WORK INSTRUCTION: Return each line of the data below verbatim; pictures are to be left out.

PROVIDED DATA:
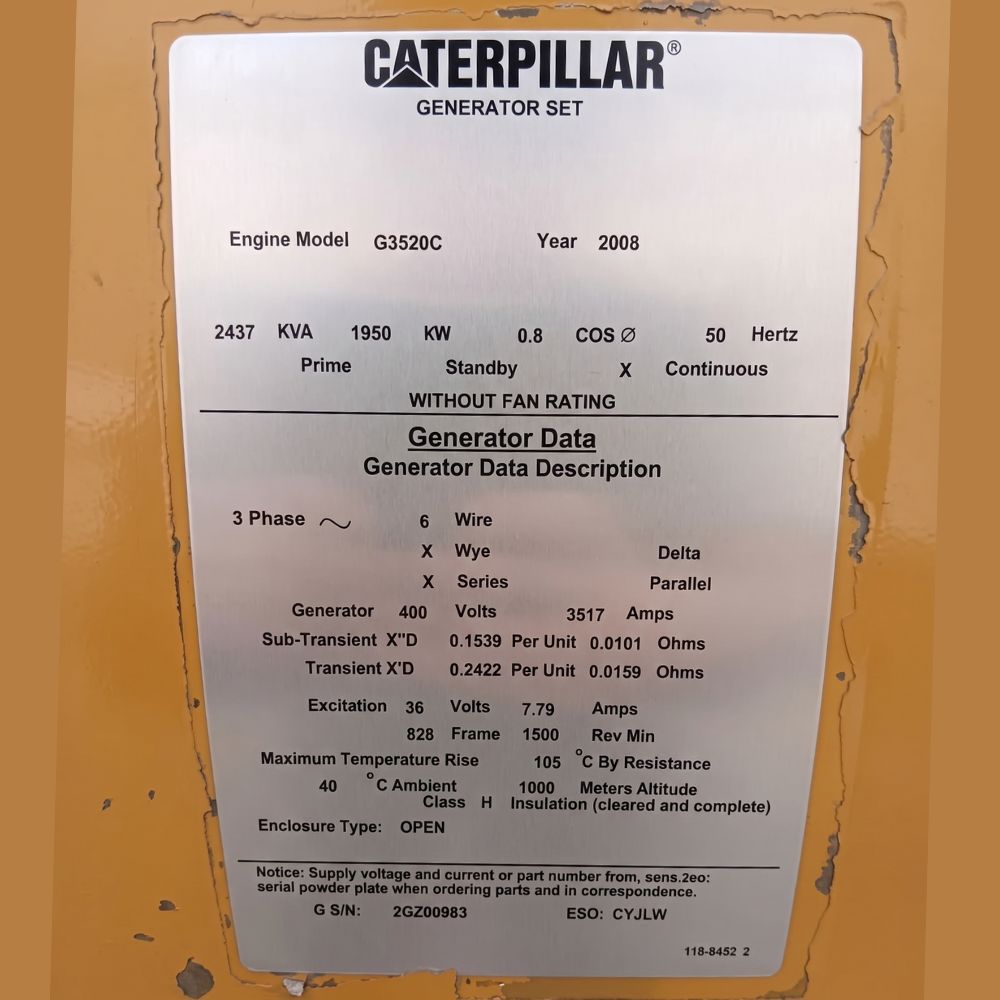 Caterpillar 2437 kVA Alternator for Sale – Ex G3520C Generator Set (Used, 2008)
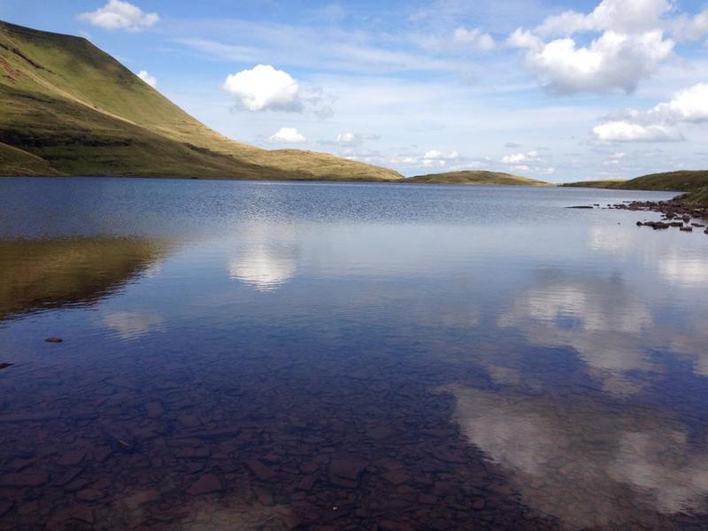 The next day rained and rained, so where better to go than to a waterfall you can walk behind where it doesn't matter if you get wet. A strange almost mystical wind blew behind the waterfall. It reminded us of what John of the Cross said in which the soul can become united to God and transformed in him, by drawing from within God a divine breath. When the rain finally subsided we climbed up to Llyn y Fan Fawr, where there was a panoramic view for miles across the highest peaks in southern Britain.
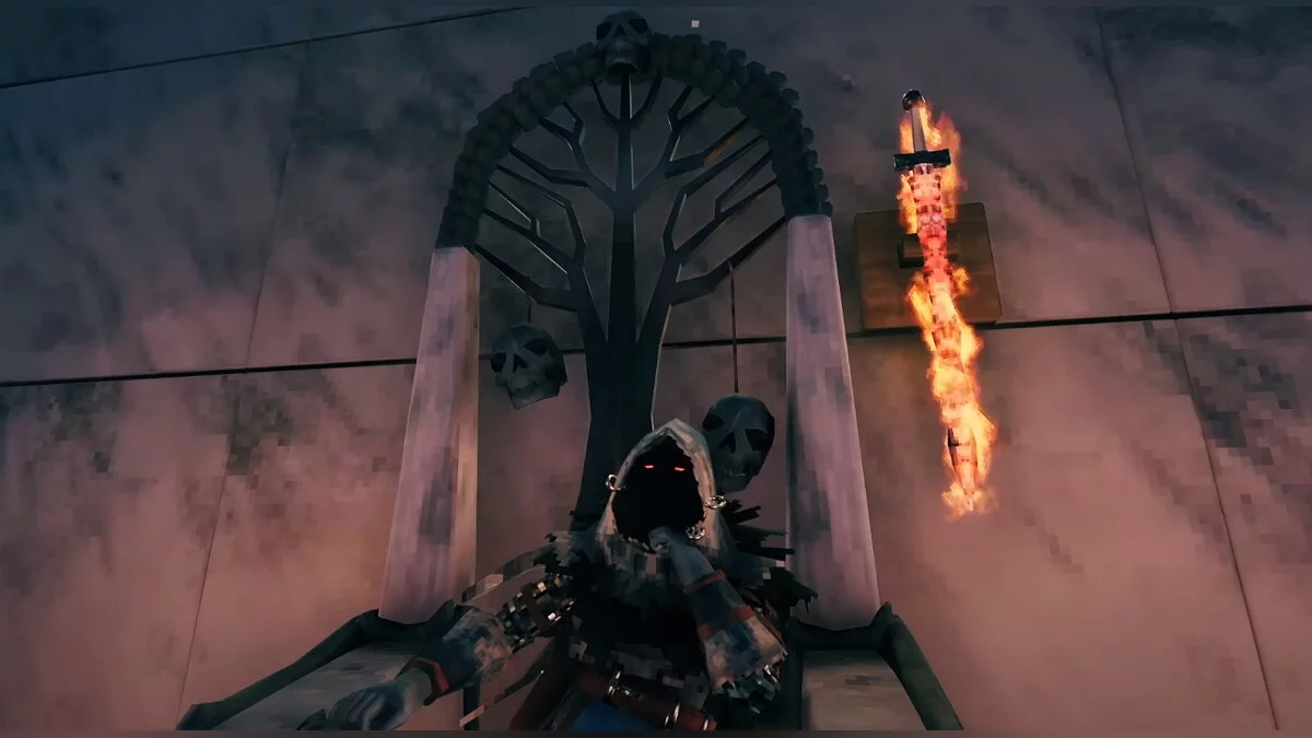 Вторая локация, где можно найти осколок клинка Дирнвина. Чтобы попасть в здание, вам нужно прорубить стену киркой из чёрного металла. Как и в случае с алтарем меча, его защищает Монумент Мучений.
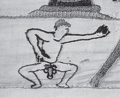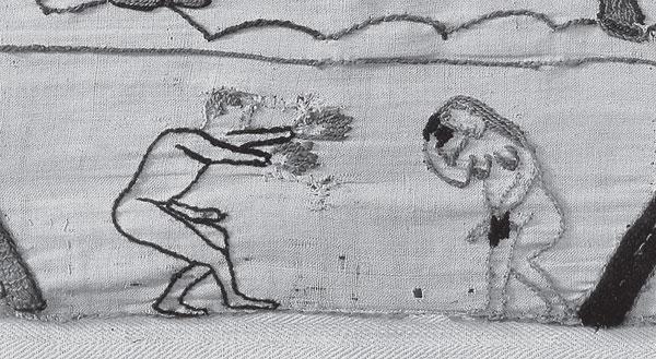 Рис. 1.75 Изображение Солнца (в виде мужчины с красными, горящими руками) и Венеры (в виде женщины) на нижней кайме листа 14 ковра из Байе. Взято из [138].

EXERCISE RESPONSE:
 Caterpillar 2437 kVA Alternator for Sale – Ex G3520C Generator Set (Used, 2008)
 The next day rained and rained, so where better to go than to a waterfall you can walk behind where it doesn't matter if you get wet. A strange almost mystical wind blew behind the waterfall. It reminded us of what John of the Cross said in which the soul can become united to God and transformed in him, by drawing from within God a divine breath. When the rain finally subsided we climbed up to Llyn y Fan Fawr, where there was a panoramic view for miles across the highest peaks in southern Britain.
 Вторая локация, где можно найти осколок клинка Дирнвина. Чтобы попасть в здание, вам нужно прорубить стену киркой из чёрного металла. Как и в случае с алтарем меча, его защищает Монумент Мучений.
 Рис. 1.75 Изображение Солнца (в виде мужчины с красными, горящими руками) и Венеры (в виде женщины) на нижней кайме листа 14 ковра из Байе. Взято из [138].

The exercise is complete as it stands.